Other News Materials 11 December 2008 17:29 (UTC +04:00)

Pope Benedict XVI has attacked financial greed, the arms race and unjust trade practices, which he identified as the root causes of poverty, in a document issued by the Vatican on Thursday.

The pontiff's words are contained in a message for the Roman Catholic Church's traditional January 1, World Day of Peace, which for 2009 is themed: Fighting Poverty to Build Peace, reported dpa.

In his most outspoken and detailed analysis of poverty since his 2005 election, Benedict also focused on the current food crisis which, according to United Nations data published this week, has increased the number of hungry people to almost 1 billion.

Hunger is not caused by a shortage of food, but rather "difficulty in gaining access to it and by different forms of speculation," the pontiff said.

As for the current financial crisis, Benedict said that global markets, which are dominated by developed nations, are based "upon short-term thinking which aims at increasing the value of financial operations and concentrates on the technical management of various forms of risk."

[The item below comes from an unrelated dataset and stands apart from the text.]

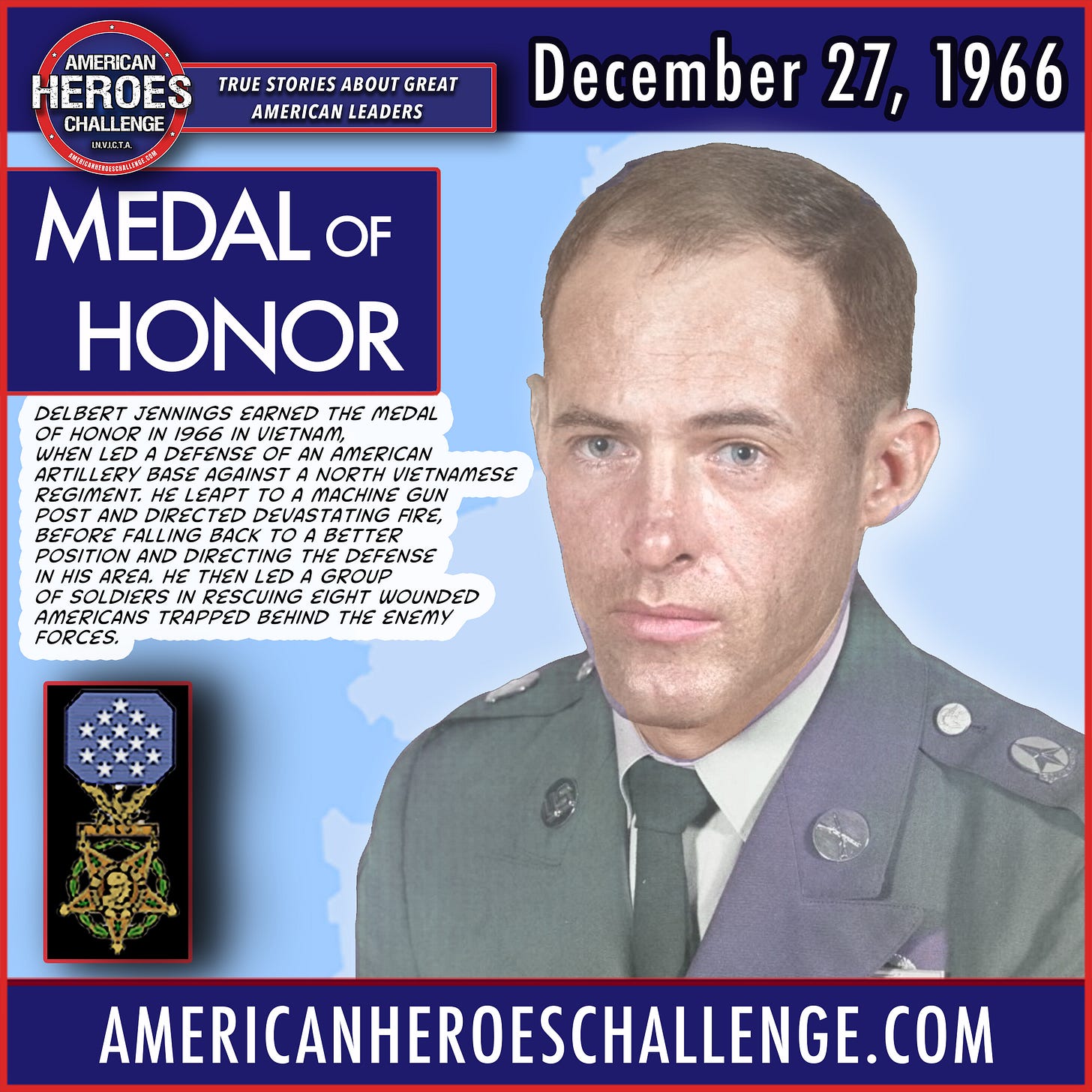 Delbert Jennings earned the Medal of Honor in 1966 in Vietnam, when led a defense on an American artillery base by a North Vietnamese regiment. He left to a machine gun post and directed devastating fire, before falling back to adefensible position and directing the defense in his area. He then led a group of soldiers in rescuing eight wounded Americans trapped behind the enemy forces. Honor and remember Delbert Jennings!

Instead greater co-operation is needed between rich and poor countries to establish fairer trade practices and support for "fighting crime and fostering a culture of legality," Benedict said.

But the pontiff, in an apparent reference to communism and similar ideologies, warned against "the illusion that a policy of mere redistribution of existing wealth can definitively resolve" poverty.

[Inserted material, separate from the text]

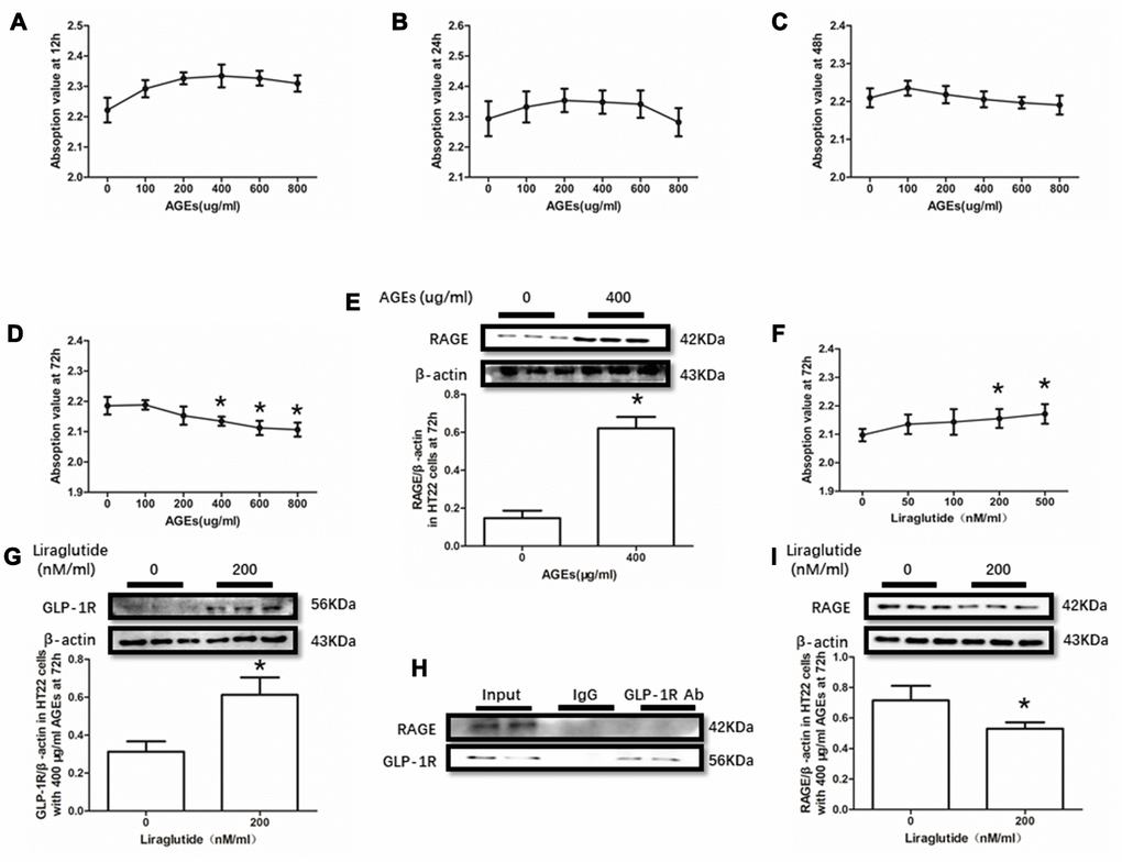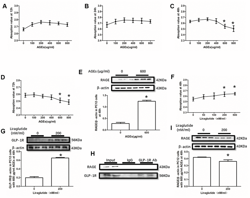 As GLP-1R and RAGE are proteins insert in the cell membrane, we conducted a co-immunoprecipitation assay to investigate the direct interaction between GLP-1R and RAGE. However, we did observe RAGE in the mixture pulled-down by GLP-1R antibody both in PC12 cells and HT22 cells (Figures 3H, 4H).

"Wealth creation ... must be kept in mind if the fight against material poverty is to be effective in the long term," the pontiff said.

The pope also defined what he described as "moral and spiritual poverty," which, he suggested, is as widespread in the developed world as in poor nations.

In this context, Benedict defended the Catholic Church's opposition to abortion, and took issue with humanitarian groups who advocate the termination of pregnancy as a means to control population growth or to assert human rights.

"The extermination of millions of unborn children in the name of the fight against poverty, actually constitutes the destruction of the poorest of all human beings," Benedict said in the message.

Commenting on the pontiff's words, the head of the Vatican's social justice department, Cardinal Renato Raffaele Martino, said 45 million innocents" die because of abortion each year.

Benedict also referred to the fight against AIDS which he said could only be done effectively if "moral issues connected with the spread of the (HIV) virus are also addressed."

Referring to Catholic opposition to the use of condoms, including as a means to prevent the spread of AIDS, Martino said the Pope was again stressing a "sexual ethic" which for the Church sees sexual relations confined within marriage between men and women.